A recent decision by the U.S. Court of Appeals for the Sixth Circuit held that volunteers, who do not expect compensation, are not employees under the Fair Labor Standards Act (“FLSA”). In the past, the Sixth Circuit has declined to employ such a bright line test.
In Acosta v. Cathedral Buffet, Inc., a church based in Akron, Ohio operated a buffet restaurant. The church was a nonprofit corporation, but the restaurant was a registered for-profit corporation (the sole shareholder of which was the church). The restaurant operated with 35 full-time, paid employees. However, much of the work was also performed by volunteers from the church.
The U.S. Department of Labor (“DOL”) initiated a lawsuit against the restaurant under the FLSA. The agency claimed that, under the longstanding “economic realities” test and the church founder’s allegedly “coercive” methods, the individuals were not truly volunteers. As a result, the agency argued, the individuals were entitled to minimum wage and overtime. The district court agreed with the DOL and awarded nearly $400,000 in back pay and liquidated damages.

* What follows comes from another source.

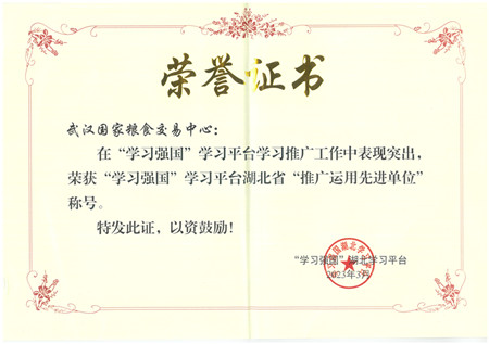 日前,省委宣传部、省委讲师团联合“学习强国”湖北学习平台组织评选湖北省推广运用先进单位,武汉湖北粮网经层层推选,被评为“推广运用先进单位”,成为省直单位22个先进单位之一。

The Sixth Circuit reversed that judgment and stated for the first time that “a volunteer’s expectation of compensation is a threshold inquiry that must be satisfied before we assess the economic realities of the working relationship” (emphasis added). In the past, regardless of whether the worker expected compensation, the court would traditionally consider factors such as whether the organization has substantial control over the terms and conditions of the work, whether it has the authority to hire or fire the worker and whether it maintains records of employment that establish the rate and method of payment. The court recognized that, in certain circumstances, coercion could overcome a volunteer’s lack of expected compensation and therefore bring the employee within the FLSA’s protections. However, the court explained that such coercion must be economic rather than “societal or spiritual.”
The Sixth Circuit’s decision breaks new ground under the FLSA and should give hope to employers (at least in Michigan, Tennessee, Ohio and Kentucky) that they can engage volunteers without fear of a federal wage and hour compliance problem. Volunteers who have no expectation for compensation are just that – volunteers. They are not entitled, in the Sixth Circuit at least, to minimum wage and overtime.
As noted, economic coercion for “volunteers” might cause one to become protected under the FLSA, but such circumstances are not often present.
Please remember to consult with your counsel on how this decision may be affected by other applicable federal or state law. Other governing statutes or rules could be more generous to your workers.